** Provided data follows **

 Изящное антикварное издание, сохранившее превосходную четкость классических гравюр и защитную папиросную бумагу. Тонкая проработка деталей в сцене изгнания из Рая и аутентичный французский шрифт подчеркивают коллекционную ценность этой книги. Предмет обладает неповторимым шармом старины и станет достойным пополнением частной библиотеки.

** End of Provided data **
** Provided data follows **

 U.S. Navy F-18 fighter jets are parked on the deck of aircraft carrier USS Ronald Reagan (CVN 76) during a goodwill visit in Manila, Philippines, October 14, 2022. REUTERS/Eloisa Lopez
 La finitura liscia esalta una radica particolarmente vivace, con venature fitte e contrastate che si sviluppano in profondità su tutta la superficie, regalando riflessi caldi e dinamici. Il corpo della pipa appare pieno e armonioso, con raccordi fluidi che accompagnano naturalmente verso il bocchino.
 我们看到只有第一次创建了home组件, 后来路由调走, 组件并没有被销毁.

** End of Provided data **
** Provided data follows **

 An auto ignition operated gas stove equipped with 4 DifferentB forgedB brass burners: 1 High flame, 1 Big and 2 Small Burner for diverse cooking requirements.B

** End of Provided data **

How to complete this task –
Starting at the line above that contains "La finitura liscia", repeat each line exactly up to and including the line that contains "我们看到只有第一次创建了home组件, 后来路由调走, 组件并没有被销毁.", and stop there.

Task solution –
 La finitura liscia esalta una radica particolarmente vivace, con venature fitte e contrastate che si sviluppano in profondità su tutta la superficie, regalando riflessi caldi e dinamici. Il corpo della pipa appare pieno e armonioso, con raccordi fluidi che accompagnano naturalmente verso il bocchino.
 我们看到只有第一次创建了home组件, 后来路由调走, 组件并没有被销毁.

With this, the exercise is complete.